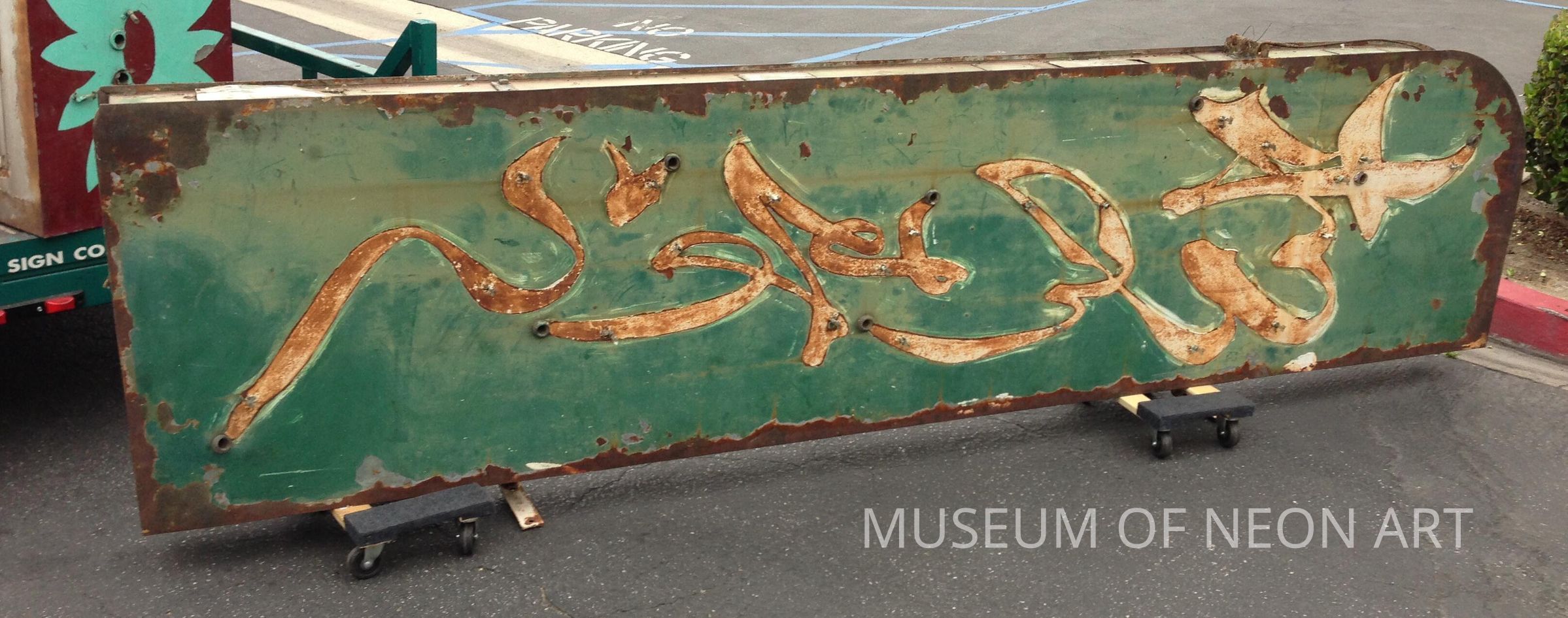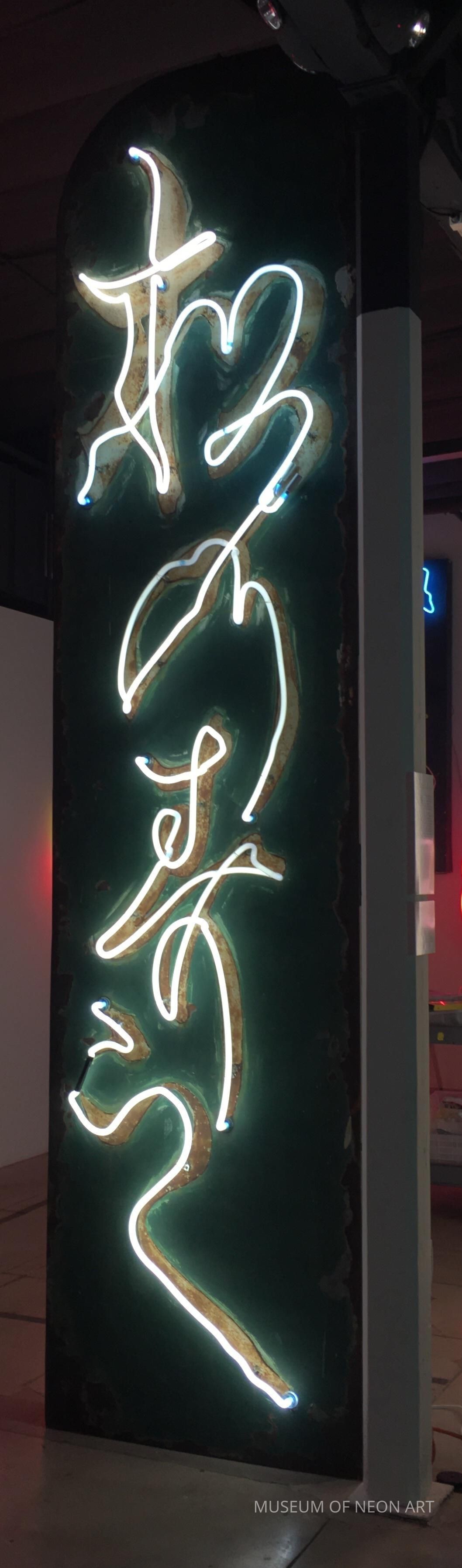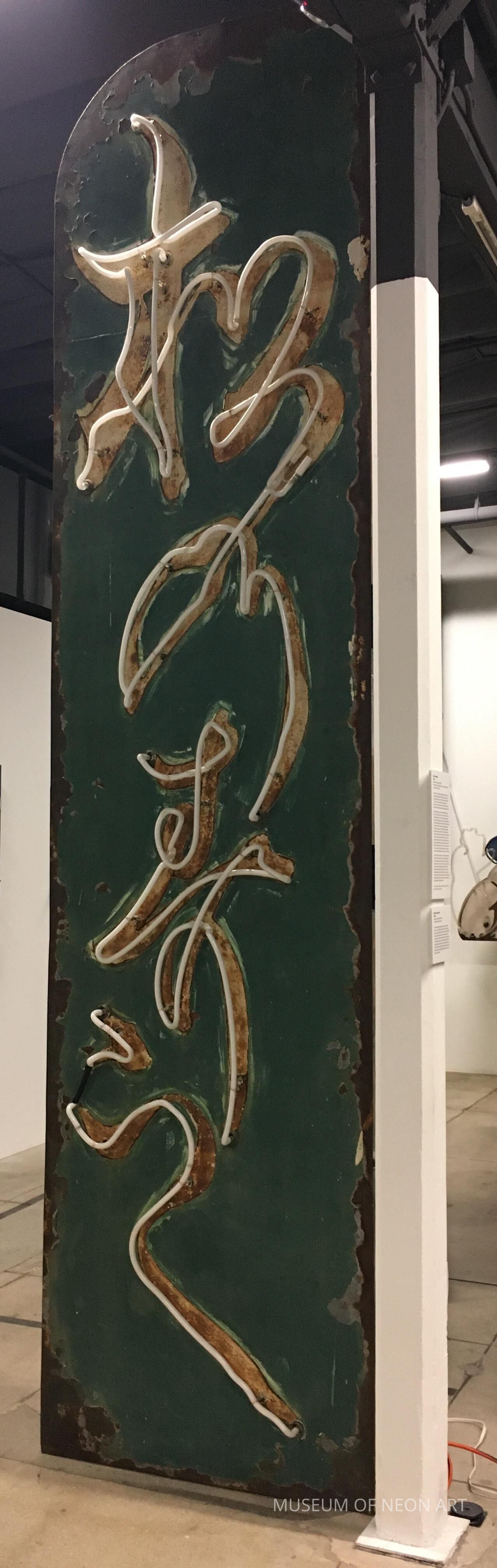 The vertical Kanji and Hiragana (phonetic) Japanese script is in a style called “grass writing” as it resembles blades of grass drawn with a fluid brushstroke. Beautifully designed and executed, this pre-WWII neon sign from Los Angeles’ Little Tokyo neighborhood is extremely rare. For 70 years, the sign never left the building where it was originally displayed. When the sushi restaurant closed in the late 1980s, the family removed the sign and stored it in the backyard of the building until donating the sign to the Museum of Neon Art.
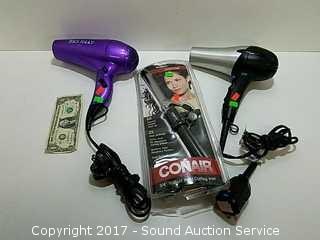 Lot #0042: Conair Curling Iron & 2 Blow Dryers
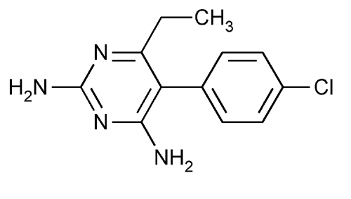 2,4-Pyrimidinediamine, 5-(4-chlorophenyl)-6-ethyl-. 2,4-Diamino-5-(p-chlorophenyl)-6-ethylpyrimidine » Pyrimethamine contains not less than 99.0 percent and not more than 101.0 percent of C12H13ClN4, calculated on the dried basis.
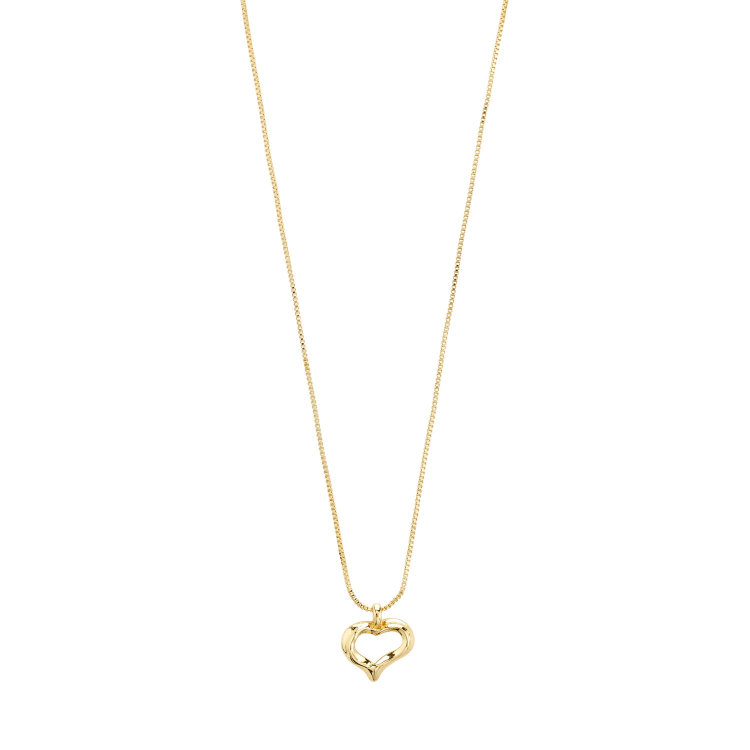 Heart first, always! Gold-plated necklace from Pilgrim’s IRIS collection, here to prove that less really is more. With a delicate heart-shaped pendant hanging from a sleek box chain, this piece nails that perfect blend of sweet symbolism and understated cool—ideal for giving your everyday basics or those dressier moments your own personal twist. Wear it solo for an effortless minimalist vibe or layer up with other chains to channel major love, light and stacking energy. The necklace is 40 cm plus a 12 cm extension chain for the perfect fit, crafted from 99% recycled materials—so you can wear your heart on your sleeve and stay mindful of the planet too.

────────────────────────────────────────

▶ _WORK REQUIRED_
Restate the data word for word from its first line through the line with "Lot #0042: Conair", leaving out any picture along the way.

▶ _COMPLETED TASK_
 The vertical Kanji and Hiragana (phonetic) Japanese script is in a style called “grass writing” as it resembles blades of grass drawn with a fluid brushstroke. Beautifully designed and executed, this pre-WWII neon sign from Los Angeles’ Little Tokyo neighborhood is extremely rare. For 70 years, the sign never left the building where it was originally displayed. When the sushi restaurant closed in the late 1980s, the family removed the sign and stored it in the backyard of the building until donating the sign to the Museum of Neon Art.
 Lot #0042: Conair Curling Iron & 2 Blow Dryers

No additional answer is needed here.